Esa sería la constante de los partidos tradicionales en los años que siguieron a la entrada en vigencia de la nueva Constitución. Todavía en la XIV Convención Nacional del Partido Conservador, celebrada en junio de 1947, se postulaba como aspiración el establecimiento de un “sistema parlamentario disciplinado, sobre la base de mayorías estables, en el que los ministros no deben renunciar sino ante el voto de la mayoría de los diputados en ejercicio y en el cual el Presidente de la República pueda disolver la Cámara Política”63.

Más notable todavía es el caso del Partido Radical, el que seguiría defendiendo el régimen parlamentario, pese a que de sus filas saldrían los Presidentes que gobernaron Chile entre 1938 y 1952. Por ejemplo, en la XII Convención Nacional de 1939 se señalaba que el partido aspiraba “a la implantación del régimen parlamentario de Gobierno, según el sistema clásico inglés”64.

Con algunos matices seguía la misma línea el tercero de los partidos tradicionales, el Liberal.
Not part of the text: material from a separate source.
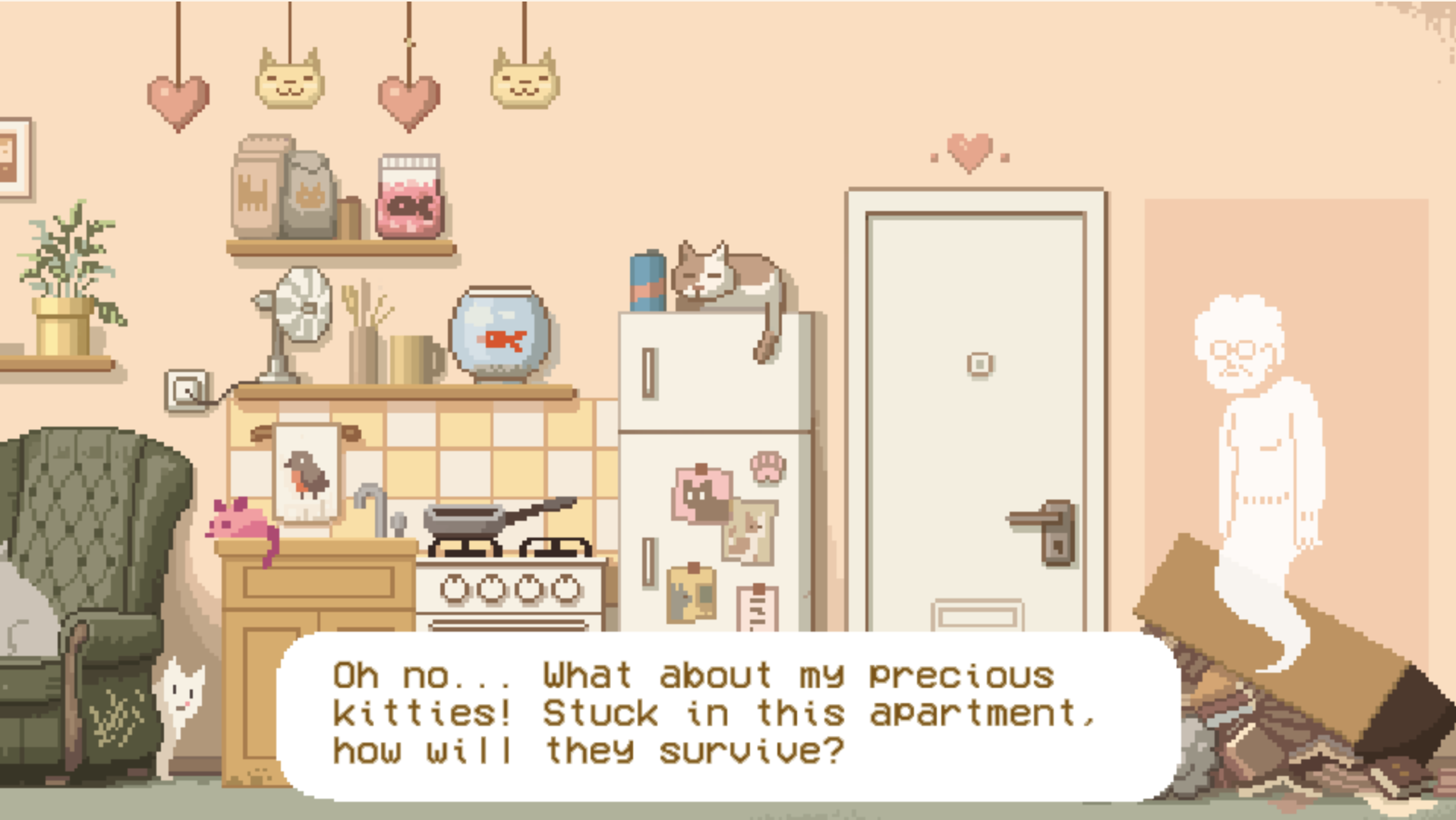 You died. Your unfinished business? The fate of your many cats!

En su VIII Convención Nacional celebrada en 1947 concluía que “el régimen parlamentario, debidamente reglamentado y establecido sobre la base de partidos fuertes y bien organizados, es el que asegura mejor las libertades y el buen gobierno de una nación; pero acepta como una necesidad derivada de nuestro actual estado político y social el régimen presidencial, sin perjuicio de introducirle las modificaciones indispensables para asegurar, por parte del Ejecutivo, el cumplimiento estricto de las leyes y los acuerdos que adopte la Cámara de Diputados en ejercicio de las facultades fiscalizadoras”65.
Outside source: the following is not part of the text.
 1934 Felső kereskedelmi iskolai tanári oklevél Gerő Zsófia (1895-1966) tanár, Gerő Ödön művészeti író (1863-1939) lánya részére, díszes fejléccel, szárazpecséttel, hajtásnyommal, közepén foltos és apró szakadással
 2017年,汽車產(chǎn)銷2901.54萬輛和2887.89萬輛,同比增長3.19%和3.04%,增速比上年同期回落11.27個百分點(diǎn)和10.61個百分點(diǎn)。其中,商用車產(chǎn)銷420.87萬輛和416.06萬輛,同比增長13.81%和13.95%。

Pese a todo lo anterior -aunque se presentaron proyectos que iban en esa línea- nunca se aprobaron reformas que introdujeran instituciones parlamentarias. Ello se explica quizá por el hecho de que, los mismos políticos que desde la tribuna parlamentaria se quejaban de la omnipotencia del ejecutivo, una vez que llegaban al gobierno, cambiaban de opinión. Ahora les parecía que la Constitución no era suficientemente presidencialista y exigían se la reformara para dotar de mayores poderes al Presidente. Como ha señalado Fernando Silva Vargas, “la paradoja del sistema político instaurado por la carta de 1925 es que un presidente poderoso -y cada vez lo sería más, al compás del aumento de la injerencia estatal- necesitaba del concurso de partidos políticos, concurso que se pagaba con cuotas de dicho poder. El Presidente de la carta de 1925 fue, esencialmente, un árbitro entre los integrantes de una coalición”66. Frente a la presión partidaria, cuasi oligárquica, que provenía muchas veces de la directiva del mismo partido del Presidente de la República, este, al observar que “a pesar de sus buenas intenciones, no obtiene los resultados esperados de su gestión, busca las explicaciones. La que surge de inmediato, intuitivamente, es la preponderancia del Congreso sobre él. Y la solución es sencilla: reducir la injerencia del parlamento”67.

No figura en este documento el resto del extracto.